Talk: 15:00–15:45 (English)
Programming Efficient Joins
A relational join is a function that combines data from multiple sources and joins them by programmer-defined attributes they share. They are everywhere data records are stored and processed, also outside database systems. Common examples include joining customers and orders; connecting genes, mutations, and experiments; and combining songs, artists and plays. Joins have a reputation of being tricky to program and difficult to implement efficiently. For example, computing the set of triangles (x, y, z) where x likes y, y likes z and z likes x, cannot be implemented efficiently using techniques employed in standard SQL query engines such as binary hash joins and any form of query plan optimization.
In this talk we show that joins are simple to program to be guaranteed worst-case optimal, even for cyclic queries like triangles. They require only basic data structures and programming techniques: Nested dictionaries, iterating over the smallest set, and nested iteration. We illustrate this by 20-line Python and Haskell programs for triangles, which can execute orders of magnitude faster than common SQL engines.
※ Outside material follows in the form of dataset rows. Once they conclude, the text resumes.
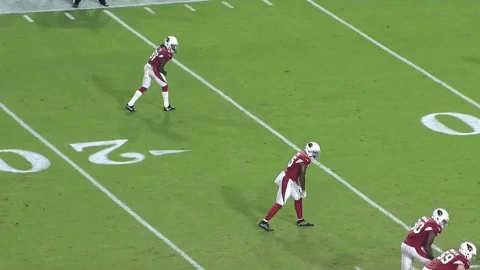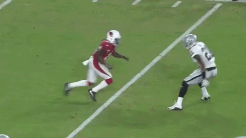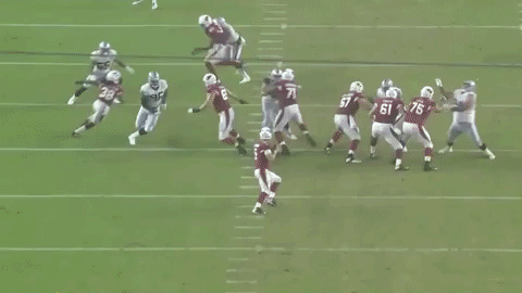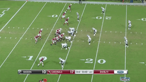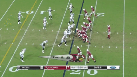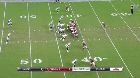 Sin embargo, Denico Autry (96) de los Raiders de Oakland tiene otros planes, al invadir el backfield de los Cardenas y romper completamente la jugada. Denico parece dirigirse originalmente a la zona de la pantalla y tiene que hacer un pequeño ajuste de dirección antes de atacar a mariscal de campo. Autry salta y trata de atrapar a Gabbert que escapa por un pequeño margen;
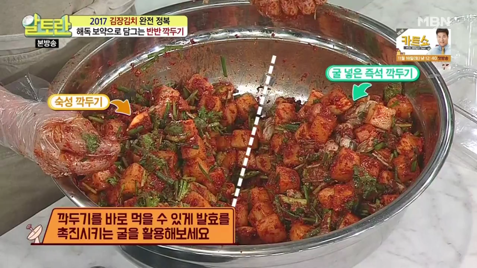 알토란 깍두기는 굴이 들어가 시원한 맛을 내며, 바로 먹는 버전과 숙성시켜 두고 먹는 버전으로 반반 담아봤어요. 영양도 가득! 만들기도 정말 간단해요~쪽파나 미나리 같은 부재료는 없어도 되지만, 맛과 풍미를 위해 가능하면 넣어보세요^^
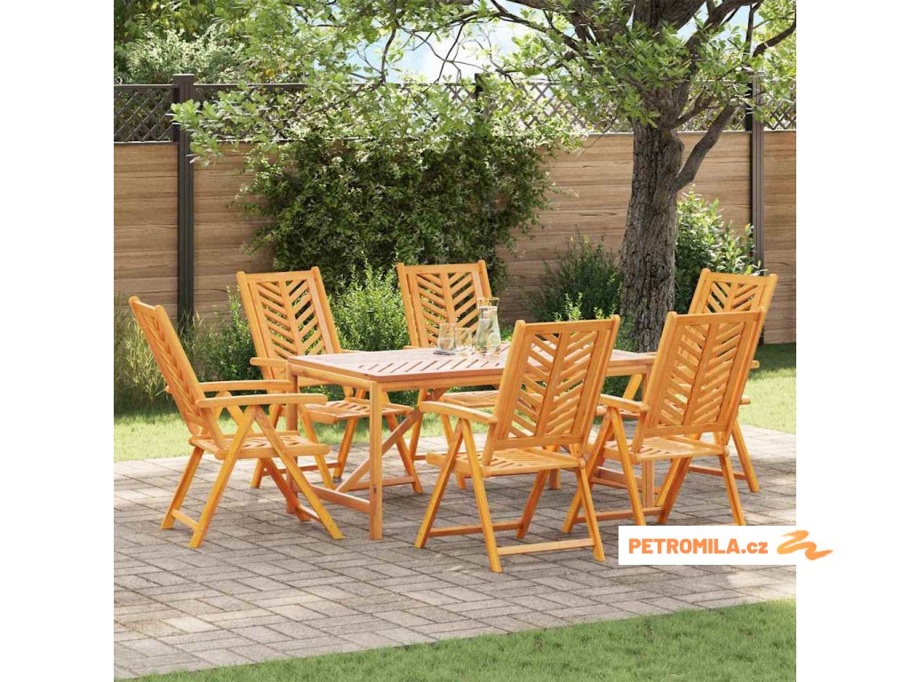 - Součásti Jídelní sada obsahuje příjemně tvarovaná opěradla, ergonomické opěrky, robustní nohy a hladký povrch, což vytváří jednotný vzhled. Každý prvek je pečlivě sladěn do bohatého hnědého odstínu pro moderní estetiku a masivní akáciové dřevo zaručuje sílu a stabilitu pro maximální pohodlí při venkovních jídlech.
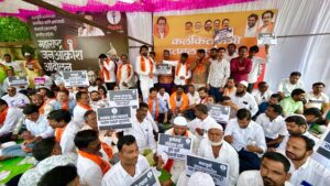 धाराशिव –महायुती सरकारमधील मंत्र्यांच्या भ्रष्ट आणि बेजबाबदार कारभाराविरोधात शिवसेना (उद्धव बाळासाहेब ठाकरे) पक्षाच्या वतीने सोमवारी (ता. ११) जिल्हाधिकारी कार्यालयासमोर एक अनोखे व हटके आंदोलन करण्यात आले.मंत्र्यांना ‘कलंकित’ आणि मुख्यमंत्र्यांना ‘हतबल’ संबोधत केलेल्या या आंदोलनाने नागरिकांचे लक्ष वेधून घेतले. या आंदोलनास आमदार कैलास पाटील,आमदार प्रवीण स्वामी, माजी आमदार दयानंद गायकवाड, जिल्हाप्रमुख रणजित पाटील यांची प्रमुख उपस्थिती होती. विविध मंत्र्यांच्या कार्यपद्धतीवर प्रतिकात्मक टीका करण्यासाठी आंदोलकांनी पत्त्यांचा डाव खेळला, पैसे आणि ‘ड्रग्ज’चे प्रतिकात्मक वाटप केले. माजी कृषिमंत्री व आताचे क्रीडामंत्री माणिकराव कोकाटे यांच्यावर निशाणा साधत पत्याचा खेळ रंगविण्यात आला. मंत्री भरत गोगावले यांना ‘जादूटोणा करणारे मंत्री’ म्हणून संबोधत त्यांच्या नावाने अघोरी पूजा मांडण्यात आली व “ओम भट स्वाहा” अशा घोषणांनी परिसर दणाणून गेला. महसूलमंत्री चंद्रशेखर बावनकुळे यांचा निषेध म्हणून ‘ड्रग्ज’ लिहिलेल्या पुड्या फेकण्यात आल्या. सरकारविरोधी घोषणा लिहिलेले फलक हातात घेऊन “कलंकित मंत्री, हतबल मुख्यमंत्री” अशा घोषणांचा गजर करण्यात आला. आंदोलनात शिवसेना (उद्धव बाळासाहेब ठाकरे) पक्षाचे सर्व पदाधिकारी, कार्यकर्ते व शिवसैनिक मोठ्या संख्येने उपस्थित होते.
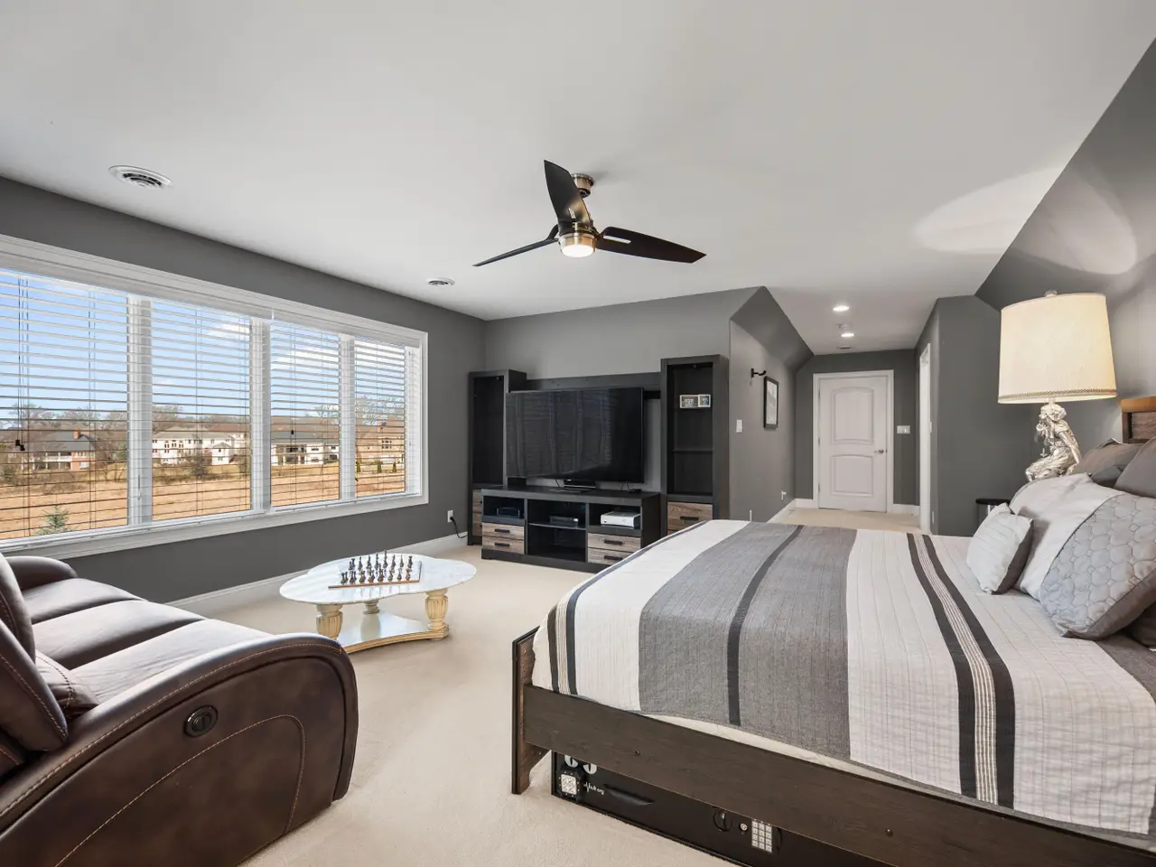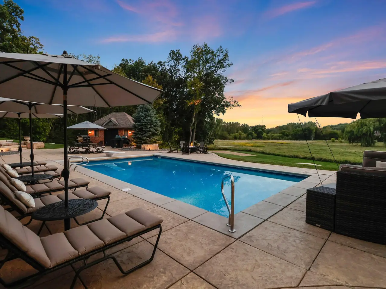 Welcome to this extraordinary estate where timeless luxury meets everyday comfort nestled on a private court in the prestigious Rosewood Estates community on 2.6 park-like acres. A gated circular drive leads you to an awe-inspiring entry setting the tone for the timeless elegance that follows. This custom-designed home boasts 6 spacious bedrooms and 7 bathrooms, each crafted for privacy and relaxation. The main living area is nothing short of breathtaking, with soaring vaulted ceilings, rich Restoration Hardware light fixtures, and the first of two stunning fireplaces that create a warm, welcoming ambiance. The show-stopping dining room flows effortlessly through a butler's pantry into the chef's kitchen, with an enormous center island, custom cabinetry, quartzite counters, walk-in pantry, while the wide-plank hickory wood flooring commands attention, the breakfast room allows access to the balcony or deck with built-in Wolf grill. The massive main level laundry room includes one of the 3 washers and 3 dryers. The main level primary suite is a serene retreat with his and her closets including the 2nd washer and dryer along with a luxury bath, and its own sitting room offering peaceful views of the grounds with balcony access perfect for morning coffee or quiet moments. Upstairs, a 2nd primary suite, 3 enormous bedrooms and a massive bonus room providing flexible space for a home office, playroom, studio, or guest suite. The finished walkout basement is an entertainer's dream, featuring a full wet bar, with a gorgeous backlit gathering island, dishwasher, beverage refrigerators, billiards room, workout room with 3rd laundry facility, a light filled office & even a 3rd primary suite. Step outside to enjoy a tranquil in-ground pool, pool house, sand volleyball court overlooking the 11 acre community preserve. Parking is a breeze in the spectacular heated 5.5 car garage. Top-rated schools, shopping, dining, & minutes from the Illinois border allowing an easy commute.
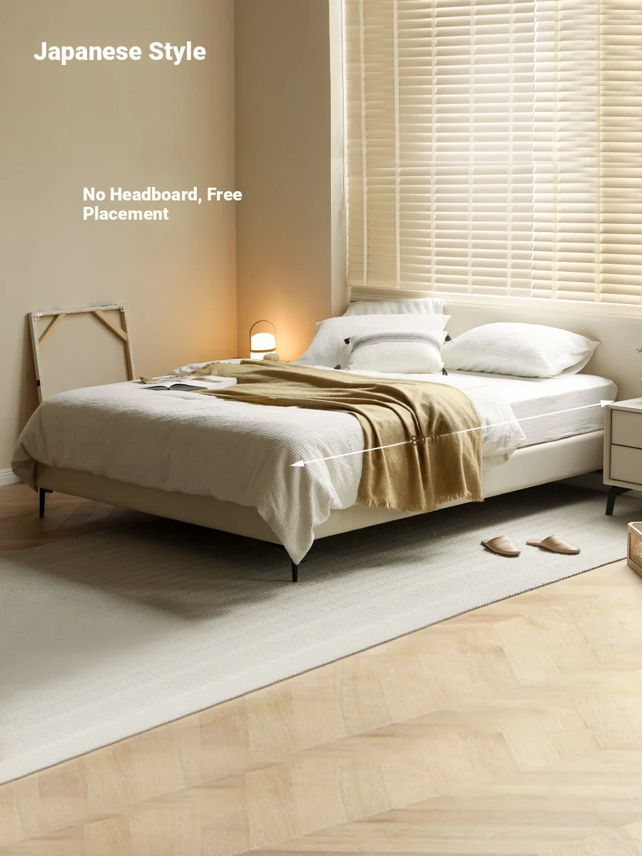 Genji Mu Yu Creamy Modern Tech Fabric Bed – Headboard-less Tatami Style, Minimalist White Double Bed for Contemporary Bedrooms
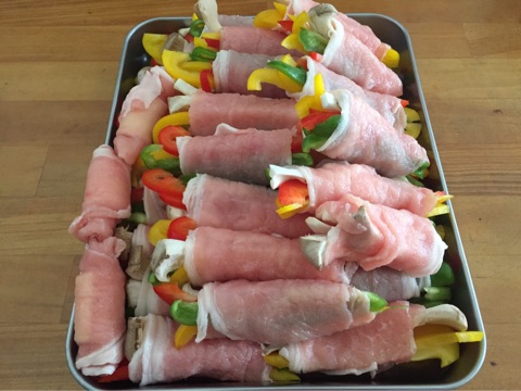 大量の肉巻き(笑)中身はパプリカ(赤・黄)、ピーマン、エリンギです!^^
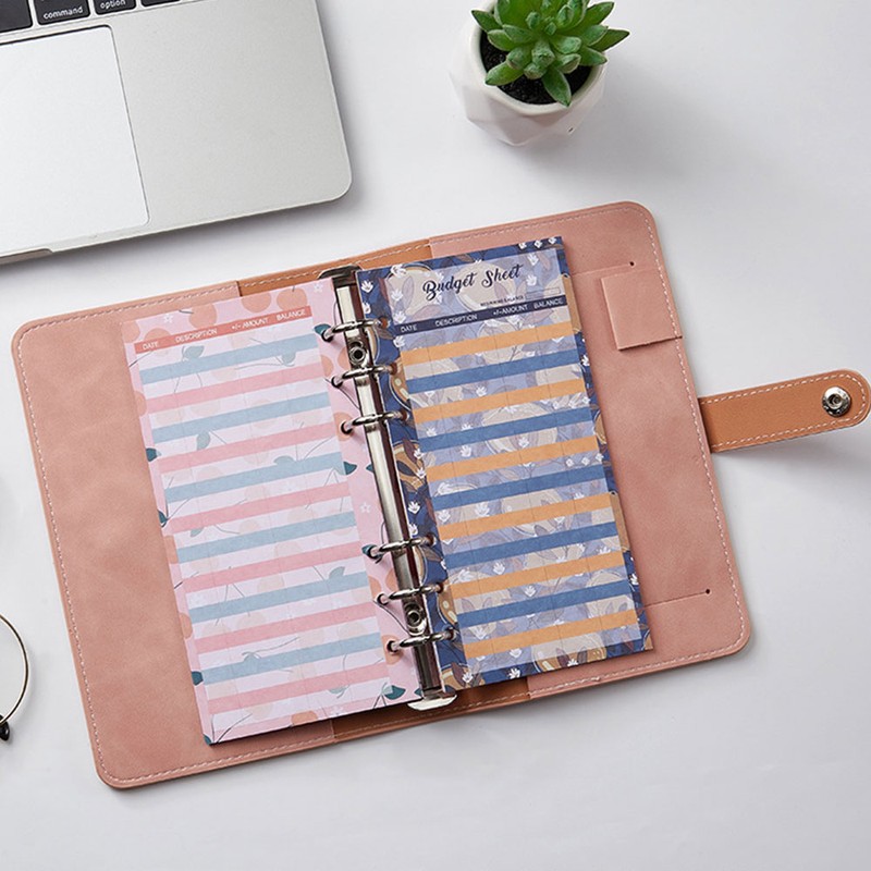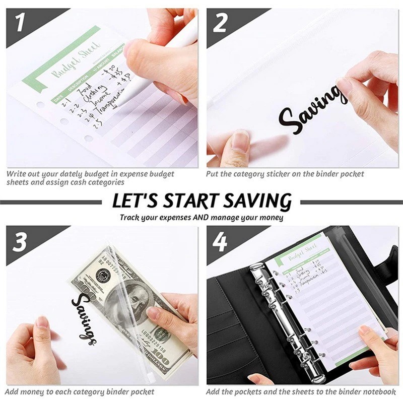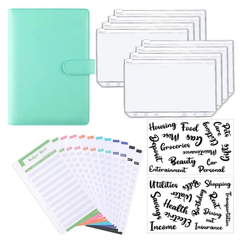 A6 Binder Orçamento Planejador Caderno Cobre Pasta A6 Tamanho 6 Buraco Binder Bolsos De Plástico Com Zíper De Poupança De Dinheiro Envelope

We give a useful intuition underlying the method’s worst-case optimality proof and provide additional techniques for rather straightforwardly coded optimizations.
Fritz Henglein
I am Professor of Programming Languages and Systems at DIKU, the Department of Computer Science at the University of Copenhagen. My current general interests are in compositional domain-specific languages for (targeted) expressiveness, security, optimization and high performance. A common theme is exploring abstract linear algebra and its extensions for both modeling and efficiency. (Having previously worked on type systems, type inference and type-based program analysis, this can be thought of as a progression from types to [vector] spaces.) Applications are in financial technology (financial contracts and instruments), machine learning (with symbolic representation of linear operator representing derivatives), algebraic generalizations of relational querying, quantum programming, and greenwashing-proof supply-chain modeling.
I have been involved in a number of deep tech start-ups over the years (including a university) and presently serve on a number of academic and company committees.